父親はイリューシャのプライドを傷つけたくないからとアリョーシャの見舞い金を受け取らなかったという話でした。

 


しかし、少年たちのリーダー格コーリャによれば少し事情は違う。

 


コーリャは勇敢で腕白でかつ学業成績優秀だった。彼は少年たちと線路のレールの間に横たわるというチキンレースをし、列車が走り去るまで逃げなかったので皆から一目おかれていた。(実は気絶していたのだが。)

 


予備クラスに入った見すぼらしい格好をしているイリューシャを皆がいじめ出した。2級上のコーリャは遠くから見ていたが、イリューシャはちっぽけで弱々しいのに、気位の高い子で降参せず向かっていく。

 


コーリャはこういう子が好きなので、かばってあげて仲良くなる。

 


しかし、なにかのきっかけでカラマーゾフ家の召使いのスメルジャコフと親しくなったイリューシャは、彼に残酷で卑劣な動物虐待をそそのかす。どこかの番犬のジェーチカにピンを埋め込んだパンを与えたのだった。犬は姿を見せなくなった。イリューシャは酷いことをしたと後悔していた。

 


コーリャが残虐な行為をしたイリューシャと絶交すると、子どもたちは再びイリューシャをいじめ、石を投げたのだった。

 


そのあと、イリューシャは重病になる。子どもたちはアリョーシャに引きつられてお見舞いに行く。コーリャは責任を感じているのに、アリョーシャに言われていくのは嫌だ、となかなか行こうとしない。

 


何日かたってようやくコーリャは自分の犬のペレズヴォンを連れて見舞いに行く。

 


ペレズヴォンは実は、ジェーチカだった。イリューシャを喜ばそうと、コーリャが芸を仕込んでいたのだった。イリューシャはとても喜ぶ。

 


そこへ医者がきて、助けるのは難しいと父親に話す。それを察したイリューシャは

「パパ、泣かないでよ…、僕が死んだら、他のいい子もらってね… .イリューシャって名前をつけて、僕の代わりに可愛がってね…」

コーリャも父親も小屋の外に走り出て、泣き出す。

ところで、この早熟なコーリャはかなり背伸びはしているが、自分は無神論者の社会主義者だという。アリョーシャは、いったい誰にそんなことを吹き込まれたのだと驚く。だが、ずっと以前からコーリャはアリョーシャに憧れていたとも言う。2人はお互い意気投合したみたいだ。

 


しかし、ここでまた難解な言葉が!

 


「あのね、コーリャ、それはそうと君はこの人生でとても不幸な人になるでしょうよ」突然どういうわけか、アリョーシャが言った。

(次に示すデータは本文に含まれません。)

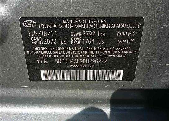 VIN: 5NPDH4AE9DH296222
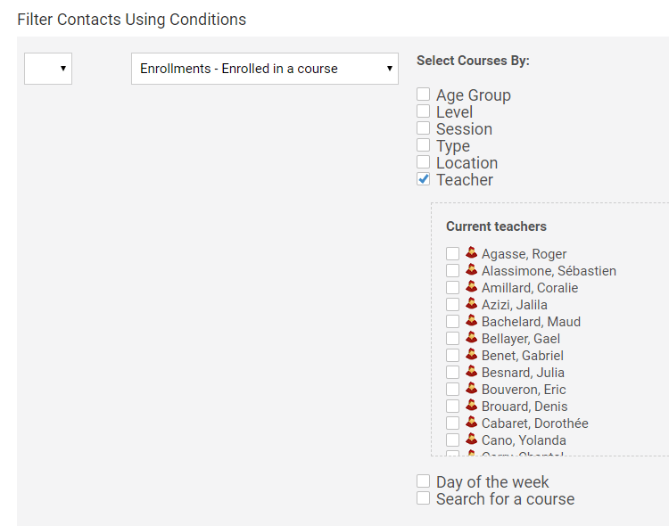 Enrollment's Teacher Filter This new filter is added in enrollment's statistics and for condition filter Enrollments - Enrolled in a course and Enrollments - Absent in a course
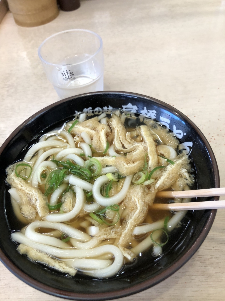 券売機でチケット購入。奥のカウンターで受取り、店外で立ち食いしました。昼前のため客は少数。うどんは、しっかりとした出汁にやさしい甘い目の味付けが沁み渡る。美味しかったです。席、消毒など予防対策はありました。
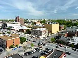 Downtown Columbia is the central business, government, and social core of Columbia, Missouri and the Columbia Metropolitan Area. Three colleges — the University of Missouri, Stephens College, and Columbia College — all border the area. Downtown Columbia is an area of approximately one square mile surrounded by the University of Missouri on the south, Stephens College to the east, and Columbia College on the north. The area serves as Columbia's financial and business district and is the topic of a large initiative to draw tourism, which includes plans to capitalize on the area's historic architecture and Bohemian characteristics.[2] The downtown skyline is relatively low and is dominated by the 10-story Tiger Hotel, built in 1928, and the 15-story Paquin Tower.[3][4]
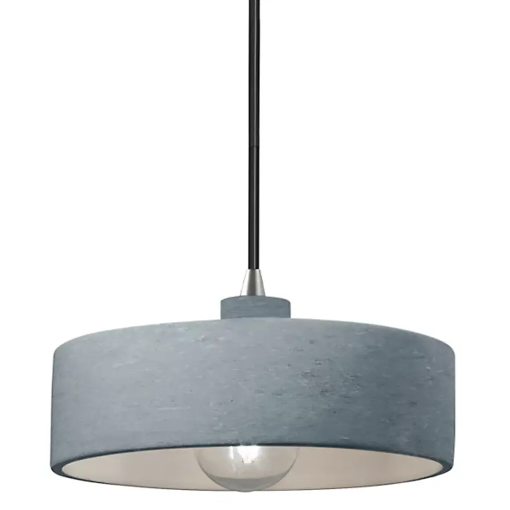 A sleek lighting look, artfully made. The shade of the Radiance Dish Ceramic Drum Pendant by Justice Design Group is a smooth, shallow drum that’s hand-crafted of ceramic, with a stepped holder that’s joined to the suspension cord by a conical metal connector. The geometric shape and smoothly applied color of the pendant add an artistic feel to any contemporary kitchen or dining area. Plus, the ceramic material makes it especially durable and hard-wearing for commercial or home applications alike.
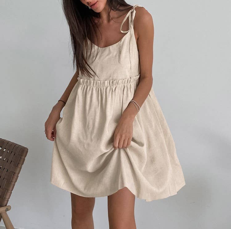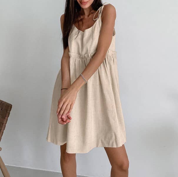 Linen Ruffled Resort Style Vintage Loose Slip A-Line Dress
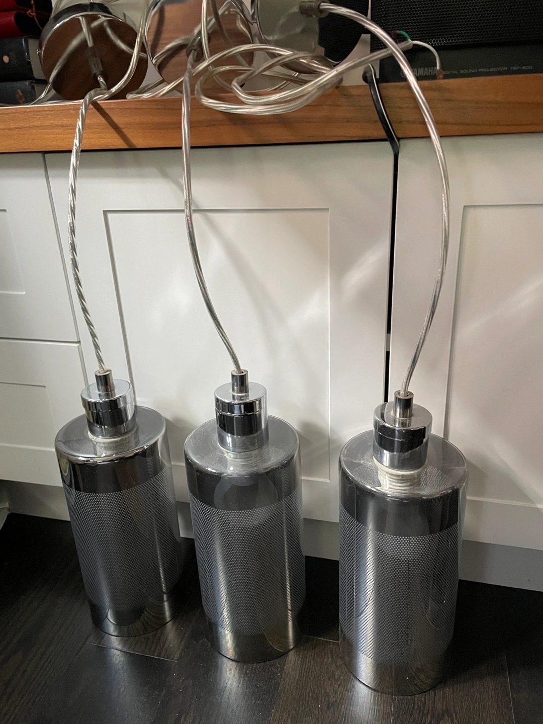 Three cylindrical pendant lights. Chrome finish, Minimalist style, perfect for kitchen island. Includes wiring. Height is adjustable Porch pick up Yonge and 16th
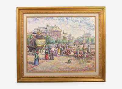 Signed bottom left, signed again, located “Paris” and titled verso, oil on canvas.
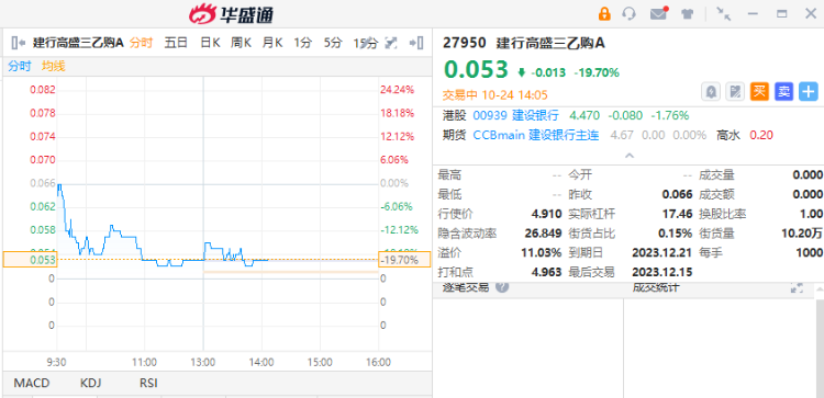 建行购27950 $27950.HK ,行使价4.91港元,2023年12月21日到期,实际杠杆17.8倍,高杠杆、低面值
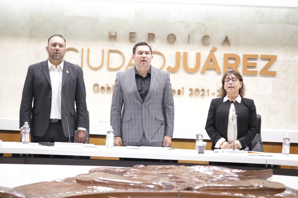 CD. JUAREZ, CHIH.- En sesión ordinaria de Cabildo número 28 presidida por el Presidente Municipal, Cruz Pérez Cuéllar, los integrantes del Ayuntamiento de Juárez aprobaron este día 12 acuerdos entre los que destaca una réplica al Congreso del Estado por no incluir al Ayuntamiento de Juárez en el Consejo Estatal de Salud, así como donativos de computadoras a la Escuela Secundaria Técnica 55 y la autorización para construir tres fraccionamientos.

「知ってます、知ってますとも。本当にあなたは何もかも前もってわかるんですね!」

「しかし、全体としての人生は、やはり祝福なさいよ」

 


長老ゾシマがアリョーシャに伝えた言葉と同じでした。

「お前はこの壁の中から出ていっても、俗世間でも修道僧としてありつづけることだろう。大勢の敵を持つことになろうが、ほかならぬ敵たちでさえ、お前を愛することになるだろうよ。人生はお前に数多くの不幸をもたらすけれど、お前はその不幸によって幸福になり、人生を祝福し、ほかの人々にも祝福させるようになるのだ。これが何より大切なことだ。お前はそういう人間なのだ。」